Your assignment = With the pictures left aside, write out exactly the lines of the listing below from the line with "接種地點(diǎn):福建省" to the line with "Kipas Angin Meja", both included, and only those.

Data =
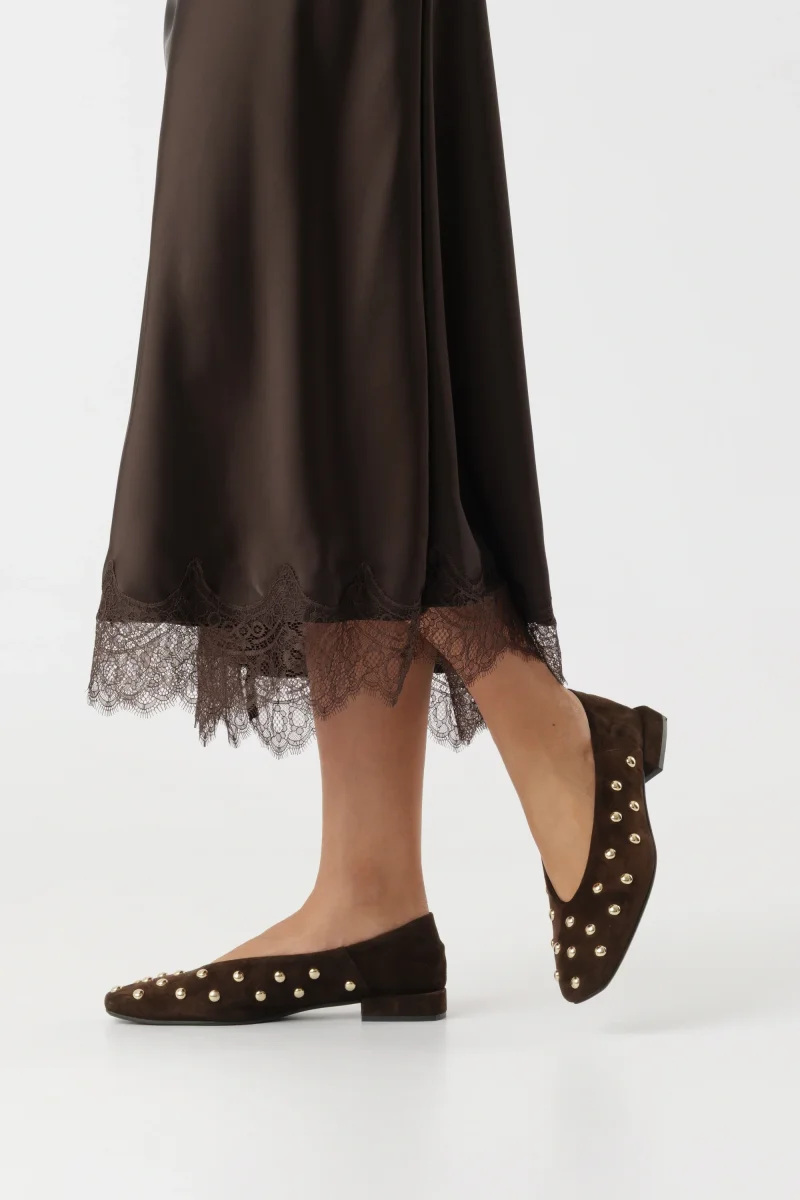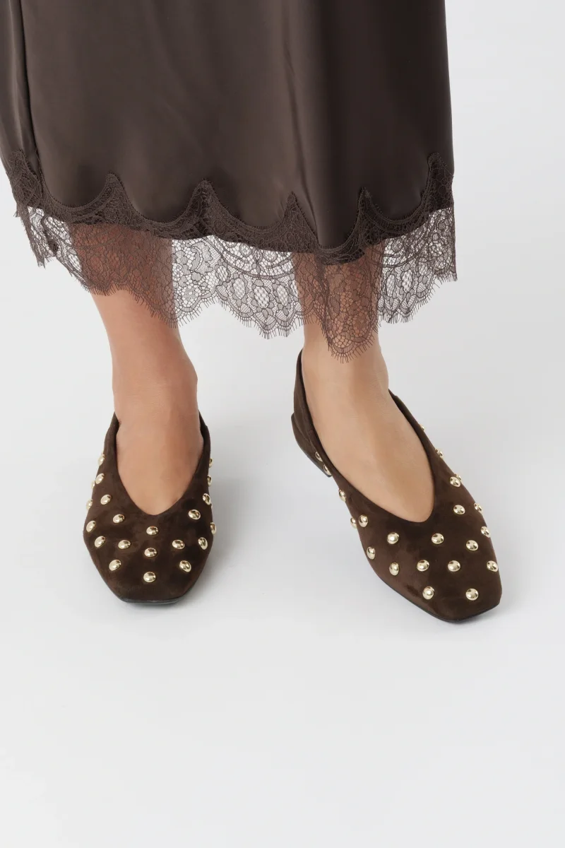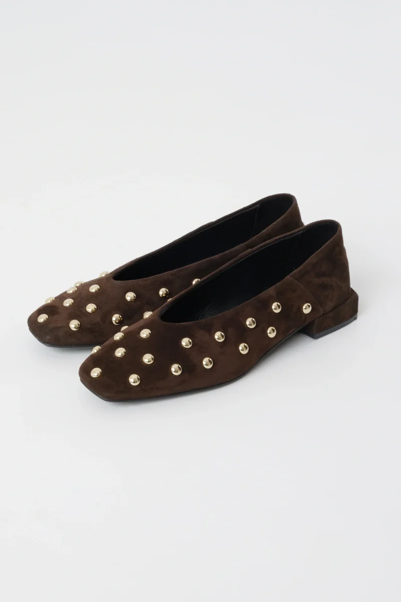 Ballerina donna in camoscio testa di moro con borchie oro, punta quadrata e tacco 2 cm
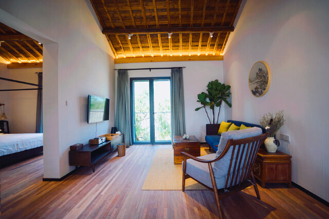 原舍•平湖位于白鹭湖畔,竹山掩映,前湖后林,清雅悠然,门前还有平静的白鹭湖景,真的能体会到诗与远方的唯美意境。
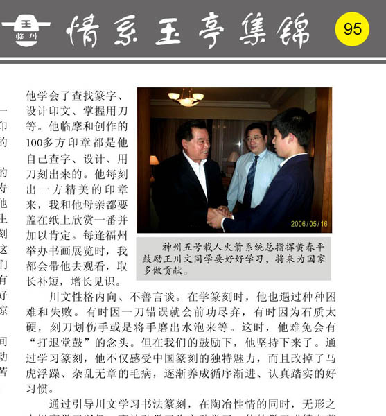 《永恒的纪念》我们的爱好(王川文学篆刻)图片介绍:1.神州五号载人火箭系统总指挥黄春平鼓励王川文同学要好好学习,将来为国家多做贡献。 2.《福建科技报》、《海峡教育报》、《文化生活报》、《小学生周刊》、《海峡教育报》、《福州晚报》 3.航天英雄在王川文印稿下签名
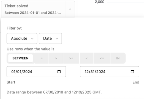 - Set di filtri: Un elenco di valori separati da virgole che possono essere usati nei filtri globali e di altro tipo; ad esempio, un elenco di ID ticket, assegnatari o gruppi.
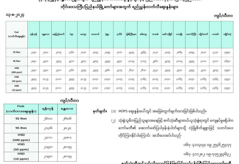 ရန်ကုန်မြို့နှင့် မန္တလေးမြို့အတွက် ရည်ညွှန်းလက်ကားဈေးနှုန်းများနှင့် ပြည်ထောင်စုနယ်မြေ နေပြည်တော်၊ တိုင်းဒေသကြီး/ပြည်နယ် မြို့တော်များအတွက် ရည်ညွှန်းလက်လီဈေးနှုန်းများ
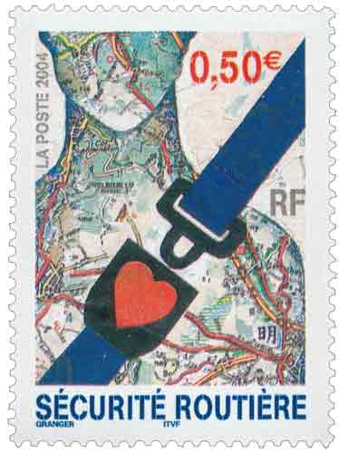 | Commentaire | C’est dans cadre d’une campagne mondiale organisée par L’O.N.U. que l’artiste Michel Granger a créé six visuels pour trois villes soit 2 pour la ville de New York, 2 pour Vienne et 2 Genève. Les visuels ont été conçus avec La Poste des Nations Unies. La Poste a retenu un visuel représentant une silhouette en fond de carte routière et le port de la ceinture de sécurité. |
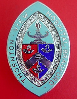 ..... Short Description ...... The Thornton View Hospital Hospital badge was awarded to nurses on completion of training. It is (shape) in shape and made from (materials), with the hospital name around the circumference. The badge weighs (weight) grams and has a (rear pin/button hole) fixing. Picture: The central design is of (description). Badges (were/were not) named and dated with the name of the recipient on the reverse. ..... |
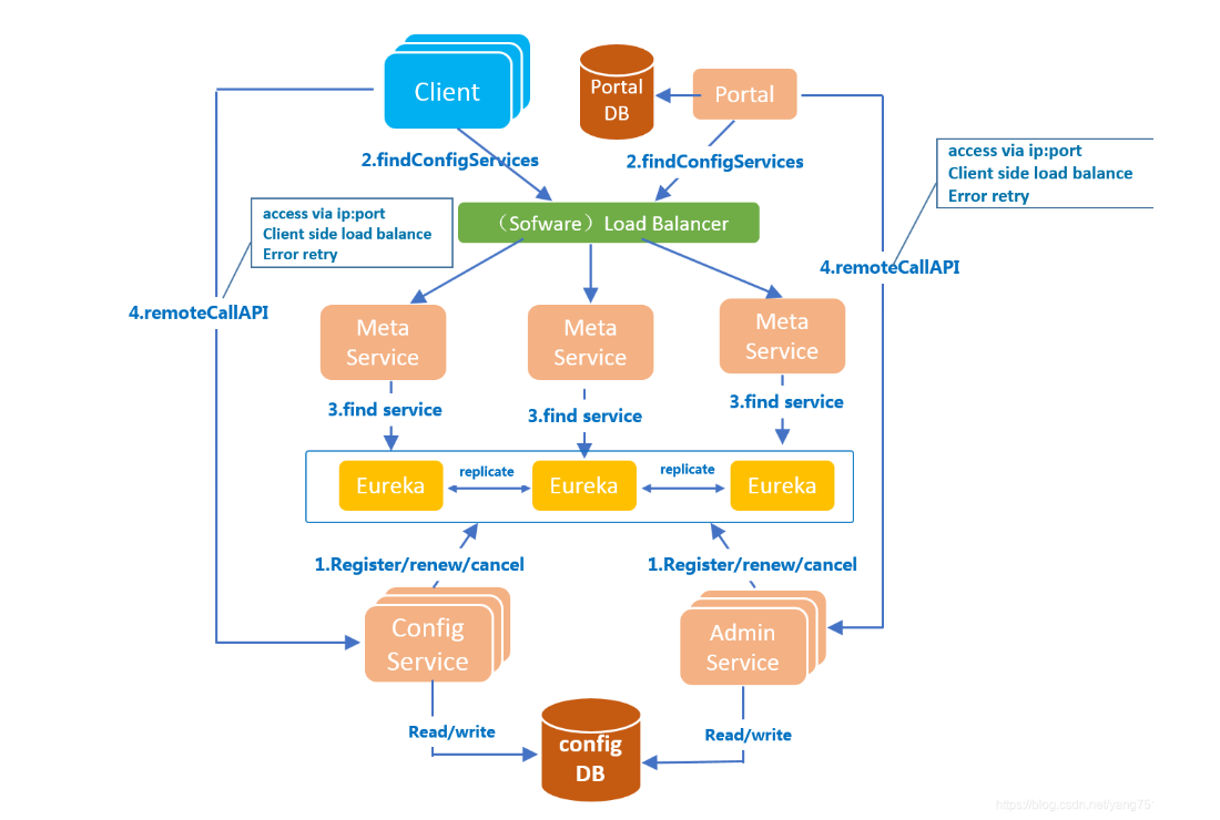 - Meta Server從Eureka獲取Config Service和Admin Service的服務(wù)信息,相當(dāng)于是一個(gè)Eureka Client
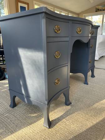 Approx. 100-year-old serpentine desk, fully restored and finished in Benjamin Moore Hale Navy. This piece features tiger oak drawers, dovetail joinery, and original brass hardware, all carefully cleaned and preserved.
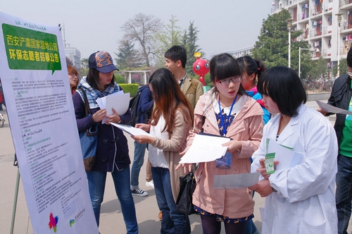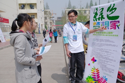 近日,大学生科技创新协会在学生西区举行了西安浐灞国家湿地公园志愿者招募暨陕西省大学生环保公益行动创意竞赛宣传活动。
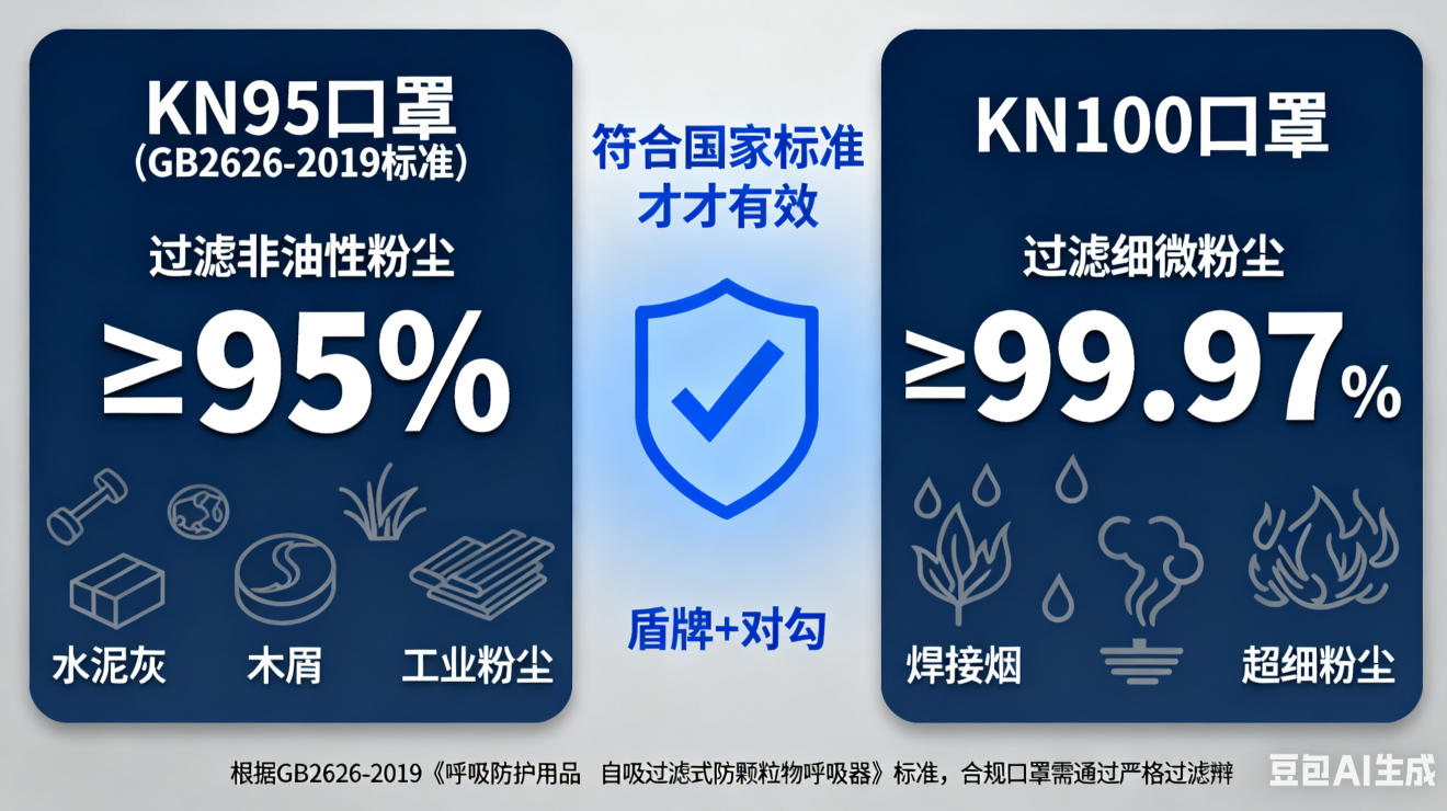 比如我们常说的KN95口罩,它是通过了GB2626-2019KN95标准认证的,对非油性颗粒物的过滤效率不低于95%。这意味着,只要我们佩戴的是符合标准的KN95口罩,就能够有效地阻隔95%以上的非油性粉尘颗粒,像什么水泥灰、木屑、焊接烟雾等都不在话下。而且,还有更高等级的KN100口罩,它对细微粉尘颗粒物的过滤效率能达到99.97%,可以说是防尘效果非常好了。
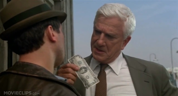電影「裸槍」中的一句非常有趣的台詞 (瘋狂的球) 1988 年, 警方偵探弗蘭克 Drebin (萊斯利 · 尼爾森) 試圖透過與碼頭工人交換…賄賂來了解訊息.
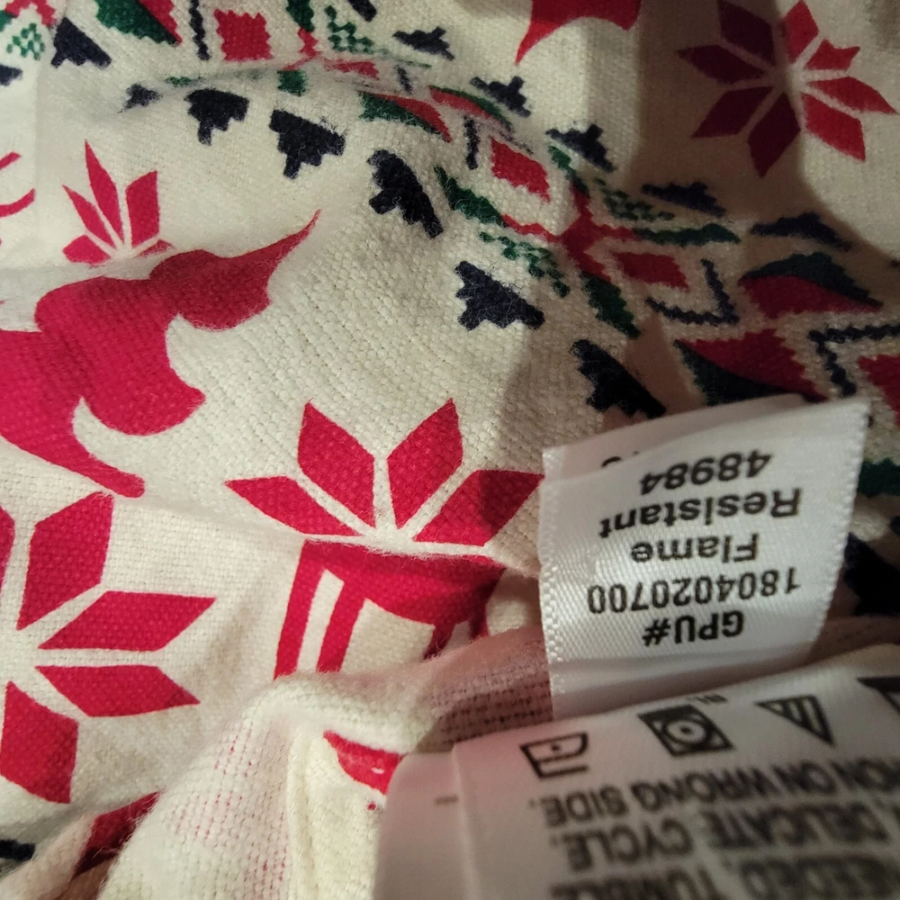 NWOT Adorable Christmas Holiday Dress and or Pajama dress- Perfect for holiday photos or holiday themed party Ruffled hem 4 snap button closure on the chest Made in Peru 62% Cotton 38% Modacrylic- nice thicker material Light beige base with red reindeer and trees. Green, blue and red Aztec print Little one decided to go with a different dress just trying to recoup what I paid for it. Fast shipper
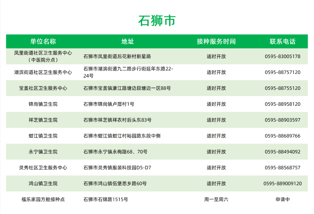 接種地點(diǎn):福建省泉州市石獅市鴻山鎮(zhèn)伍堡村思鄉(xiāng)路60號(hào)
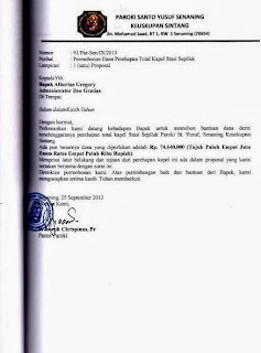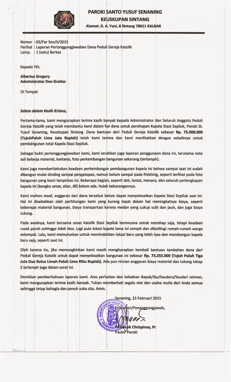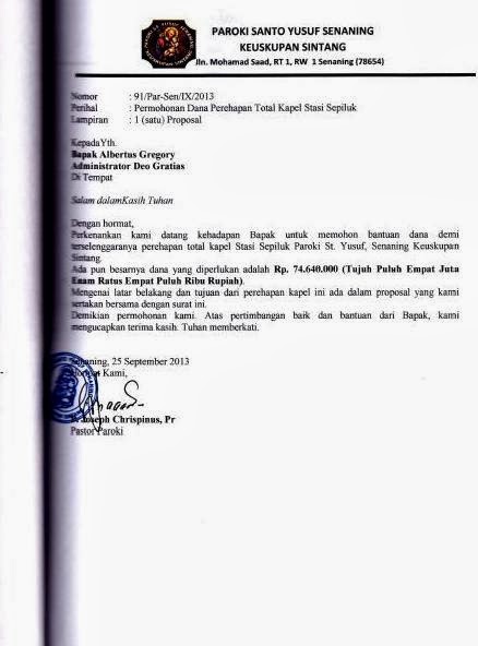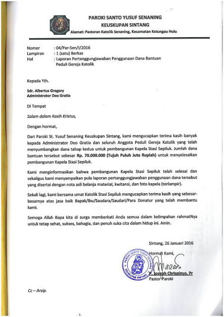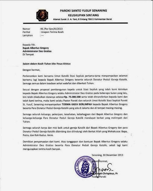 Surat Resmi Ucapan Terima Kasih Penerimaan Bantuan dari Paroki Senaning, Sintang |
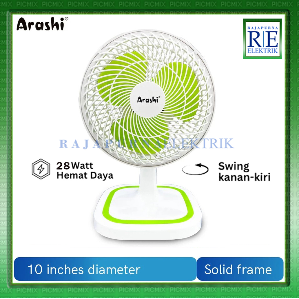 Kipas Angin Meja Desk Fan 10 Inch Bisa Putar Kiri Kanan ARASHI General
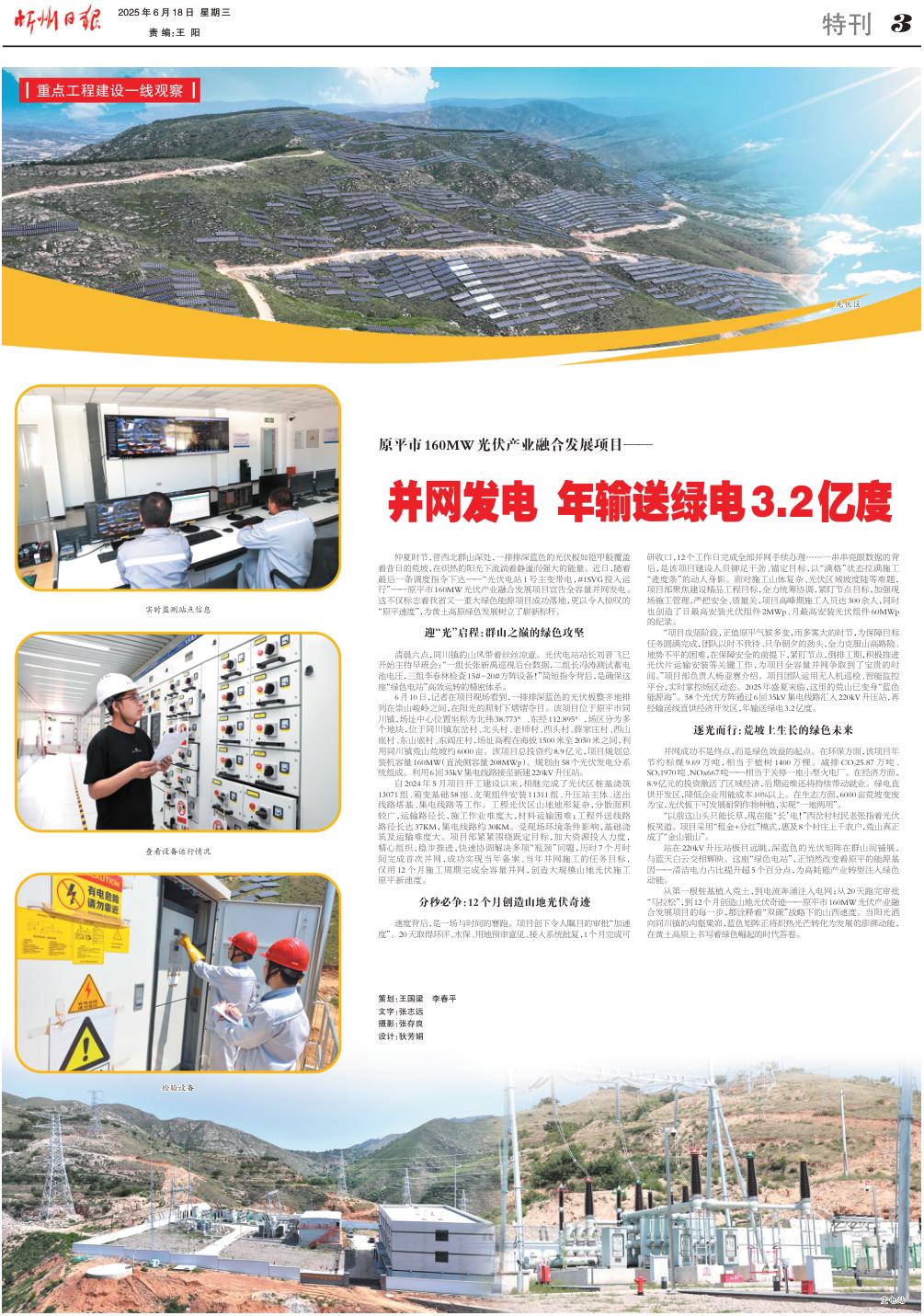 “項(xiàng)目攻堅(jiān)階段,正值原平氣候多變,雨多霧大的時(shí)節(jié),為保障目標(biāo)任務(wù)圓滿完成,團(tuán)隊(duì)以時(shí)不我待、只爭(zhēng)朝夕的勁頭,全力克服山高路險(xiǎn)、地勢(shì)不平的困難,在保障安全的前提下,緊盯節(jié)點(diǎn),倒排工期,積極推進(jìn)光伏片運(yùn)輸安裝等關(guān)鍵工作,為項(xiàng)目全容量并網(wǎng)爭(zhēng)取到了寶貴的時(shí)間?!表?xiàng)目部負(fù)責(zé)人楊亞賽介紹。項(xiàng)目團(tuán)隊(duì)運(yùn)用無人機(jī)巡檢、智能監(jiān)控平臺(tái),實(shí)時(shí)掌控場(chǎng)區(qū)動(dòng)態(tài)。2025年盛夏來臨,這里的荒山已變身“藍(lán)色能源?!薄?8個(gè)光伏方陣通過6回35kV集電線路匯入220kV升壓站,再經(jīng)輸送線直供經(jīng)濟(jì)開發(fā)區(qū),年輸送綠電3.2億度。

Answer space =
 接種地點(diǎn):福建省泉州市石獅市鴻山鎮(zhèn)伍堡村思鄉(xiāng)路60號(hào)
 Surat Resmi Ucapan Terima Kasih Penerimaan Bantuan dari Paroki Senaning, Sintang |
 Kipas Angin Meja Desk Fan 10 Inch Bisa Putar Kiri Kanan ARASHI General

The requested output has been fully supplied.